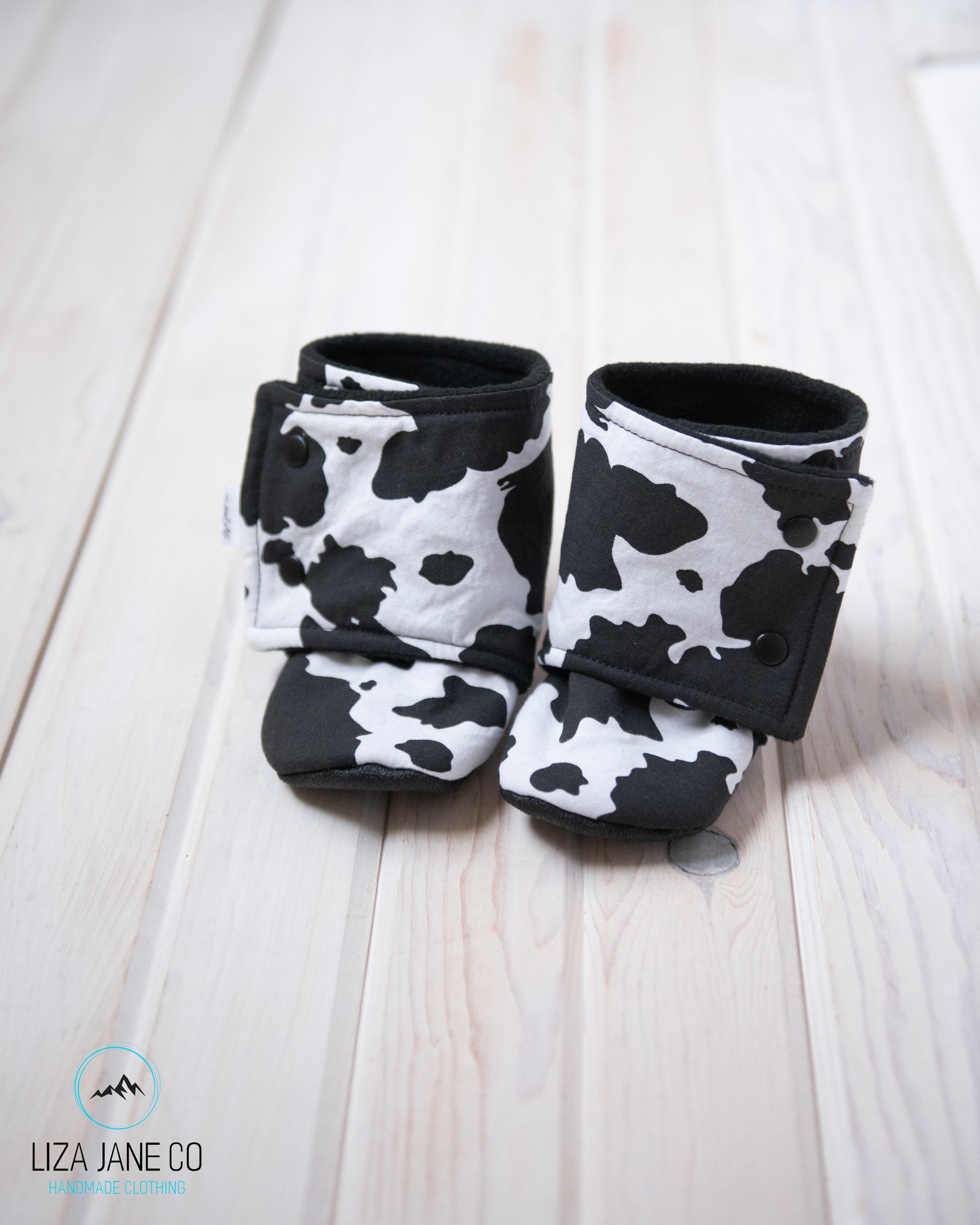 Stay-on Baby Booties | Small Cow print on White
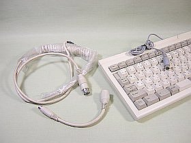 「カチャカチャ型」を予備役に回すにしても、「誤打鍵型」よりは使う頻度は多いはず。でも、これのコネクタが大変な時代物!変換用のコードを介さないとPS/2に繋げません。
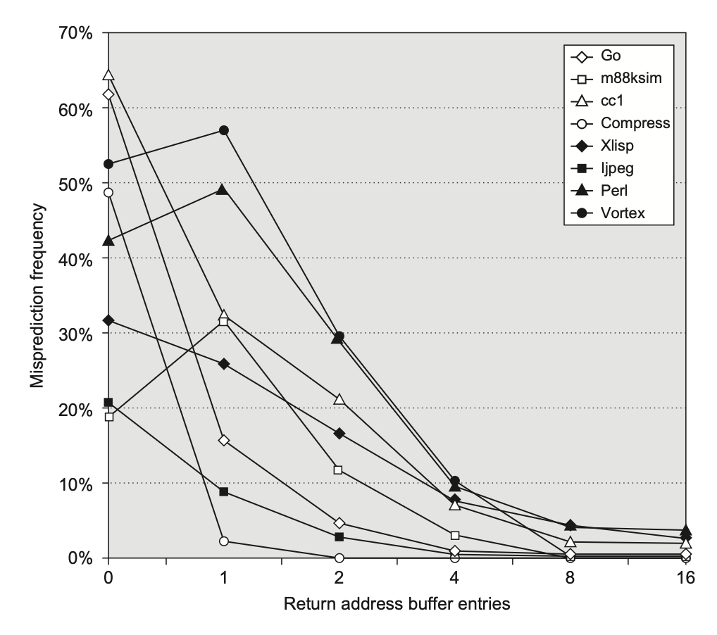 为了克服这种问题,一些设计会采用一块较小的返回地址缓冲区,在栈上进行操作。这个结构会为最近的返回地址缓存,当调用过程时将返回地址压入栈内,返回时则将其弹出。如果这个缓存足够大的话,那么它能够完美预测返回地址。下图展示了不同大小的返回缓冲区下的性能:
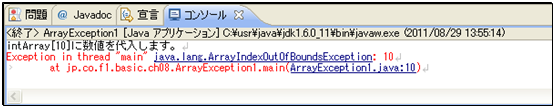 [java] package jp.co.f1.basic.ch08; public class ArrayException1 { public static void main(String[] args) { // int型配列を定義 int[] intArray = new int[5]; // 添え字10に値を代入 System.out.println(“intArray[10]に数値を代入します。”); intArray[10] = 50; // 最大配列要素数を超えた代入処理 // 結果を表示 System.out.println(“intArray[10]に50を代入しました。”); System.out.println(“処理終了”); } } [/java] 実行結果① ソース・フォルダー: myproj_basic/src
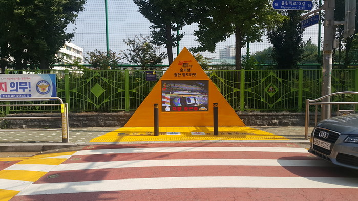 또한 ▲보호구역 내 과속 및 신호위반 단속 CCTV 설치(7곳) ▲태양광 LED 표지판 설치(20개) ▲옐로카펫 및 노란발자국 설치(40개) ▲바닥형 보행신호등 설치(12개) ▲보행신호 음성안내 보조 장치(20개) ▲혼용도로 보도 구분설치(1곳) ▲제한속도 하향(30km→20km/h)(3곳) 등 교통 안전장치를 확충할 계획이다.
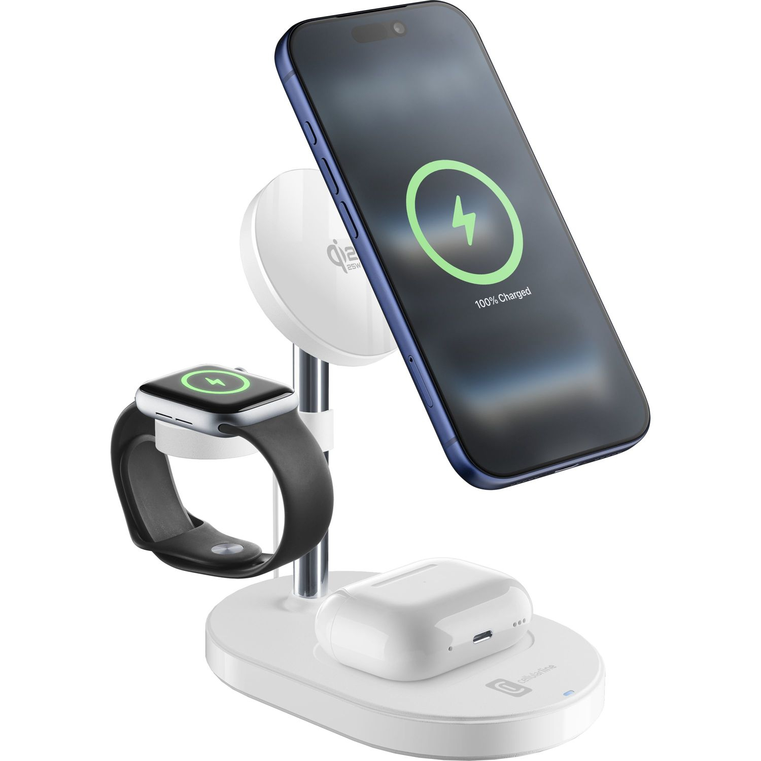 MAG TRIO 3en1 est la station de charge sans fil certifiée Qi2.2 25W, idéale pour recharger jusqu’à trois appareils simultanément.Elle recharge les smartphones jusqu’à 25W, les écouteurs sans fil jusqu’à 5W et les montres connectées via un emplacement dédié pour Apple Watch ou Samsung Watch (câble non inclus).Dotée d’un alignement magnétique parfait, elle est compatible avec tous les appareils sans fil, même sans aimant intégré, grâce à une coque ou un anneau magnétique.Câble USB-C de 150 cm et adaptateur secteur 45W inclus pour une expérience de charge complète et bien organisée.Recharge les appareils Apple jusqu’à 4 fois plus vite qu’un chargeur magnétique standard de 7,5W.

........

> Task description: In your copy, repeat each record exactly and include no pictures.

> Result of this exercise:
 Stay-on Baby Booties | Small Cow print on White
 「カチャカチャ型」を予備役に回すにしても、「誤打鍵型」よりは使う頻度は多いはず。でも、これのコネクタが大変な時代物!変換用のコードを介さないとPS/2に繋げません。
 为了克服这种问题,一些设计会采用一块较小的返回地址缓冲区,在栈上进行操作。这个结构会为最近的返回地址缓存,当调用过程时将返回地址压入栈内,返回时则将其弹出。如果这个缓存足够大的话,那么它能够完美预测返回地址。下图展示了不同大小的返回缓冲区下的性能:
 [java] package jp.co.f1.basic.ch08; public class ArrayException1 { public static void main(String[] args) { // int型配列を定義 int[] intArray = new int[5]; // 添え字10に値を代入 System.out.println(“intArray[10]に数値を代入します。”); intArray[10] = 50; // 最大配列要素数を超えた代入処理 // 結果を表示 System.out.println(“intArray[10]に50を代入しました。”); System.out.println(“処理終了”); } } [/java] 実行結果① ソース・フォルダー: myproj_basic/src
 또한 ▲보호구역 내 과속 및 신호위반 단속 CCTV 설치(7곳) ▲태양광 LED 표지판 설치(20개) ▲옐로카펫 및 노란발자국 설치(40개) ▲바닥형 보행신호등 설치(12개) ▲보행신호 음성안내 보조 장치(20개) ▲혼용도로 보도 구분설치(1곳) ▲제한속도 하향(30km→20km/h)(3곳) 등 교통 안전장치를 확충할 계획이다.
 MAG TRIO 3en1 est la station de charge sans fil certifiée Qi2.2 25W, idéale pour recharger jusqu’à trois appareils simultanément.Elle recharge les smartphones jusqu’à 25W, les écouteurs sans fil jusqu’à 5W et les montres connectées via un emplacement dédié pour Apple Watch ou Samsung Watch (câble non inclus).Dotée d’un alignement magnétique parfait, elle est compatible avec tous les appareils sans fil, même sans aimant intégré, grâce à une coque ou un anneau magnétique.Câble USB-C de 150 cm et adaptateur secteur 45W inclus pour une expérience de charge complète et bien organisée.Recharge les appareils Apple jusqu’à 4 fois plus vite qu’un chargeur magnétique standard de 7,5W.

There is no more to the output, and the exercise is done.